The Supreme Court's ruling has curtailed the executive's ability to impose sweeping tariffs under specific emergency powers, potentially reducing the administration's leverage derived from sheer unpredictability. However, President Trump has signaled intent to utilize other legal provisions, such as Section 122 of the Trade Act of 1974, to maintain tariff measures, albeit with potential time limitations. This suggests that while the absolute power to implement tariffs may be more constrained, the strategic use of trade policy as a negotiating tool persists. For India, this translates to a continued need for vigilance and strategic trade diplomacy. The Indian Rupee's trajectory is closely tied to these developments; forecasts suggest potential weakening towards 90 INR per USD by March 2026 due to ongoing tariff risks and broader macroeconomic pressures. A wider current account deficit, projected to reach 1.5% of GDP, also adds to currency vulnerability, with forecasts ranging from 86-91 INR per USD depending on trade deal progress and portfolio inflows.

⚠️ THE FORENSIC BEAR CASE (The Hedge Fund View)

The primary risk for India's export economy remains the inherent unpredictability of US trade policy. Despite the Supreme Court's intervention, the potential for further legal challenges and the invocation of alternative tariff authorities by the US administration means that policy volatility is unlikely to disappear entirely. This instability directly undermines India's long-term competitiveness, particularly in labor-intensive sectors like textiles, leather, and seafood, where competitors in countries with more stable trade relationships may gain a decisive edge. The postponement of the interim trade deal negotiations underscores a deeper challenge in solidifying market access and strategic alignment, potentially delaying crucial investment inflows. Furthermore, persistent currency weakness for the Indian Rupee, predicted to hover around 90-91 against the USD through 2026, could exacerbate the current account deficit and strain macroeconomic stability, especially if net FDI flows remain soft. The Federation of Indian Export Organisations (FIEO) has consistently highlighted challenges related to export credit and liquidity, which could be amplified by prolonged trade tensions and reduced investor sentiment.

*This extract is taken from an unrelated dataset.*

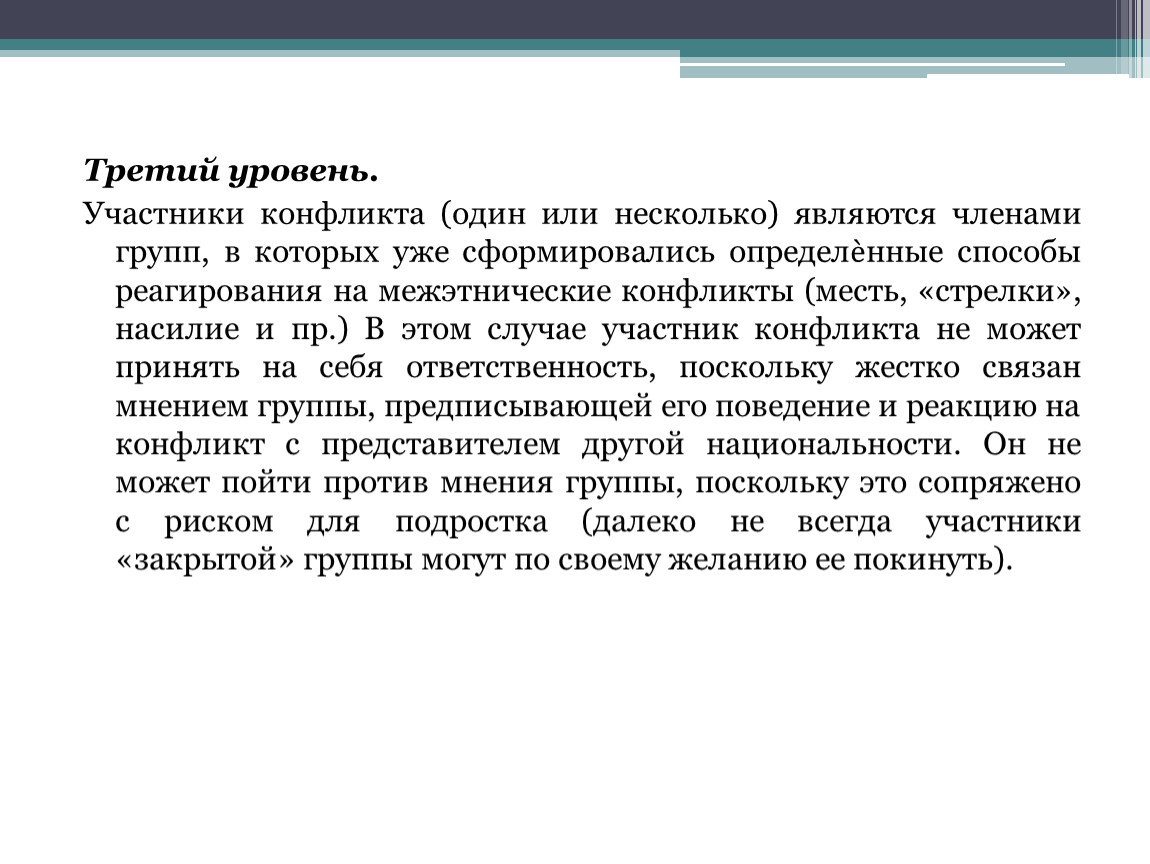 Уровни «нагруженности» конфликта межэтническими (межнациональными) контекстами

The Path Forward: Navigating Policy Shifts

Moving forward, India's strategy must balance immediate trade negotiations with long-term structural reforms. The Federation of Indian Export Organisations (FIEO) acknowledges the potential benefits of concluded free trade agreements with the EU and US, which could offer improved market access. However, the focus remains on achieving greater clarity and stability in trade relations. Analysts suggest that while concluded deals are likely to hold, the leverage for negotiating future market access has shifted, potentially giving India more room to define its boundaries. The export sector's resilience, demonstrated by a 6.15% growth in April-January 2025-26, suggests underlying strength, but continued diversification into emerging markets remains crucial to mitigate over-reliance on any single trading partner. The ultimate goal will be to transition from a reactive stance against policy shifts to a proactive approach focused on enhancing domestic competitiveness and securing predictable trade frameworks.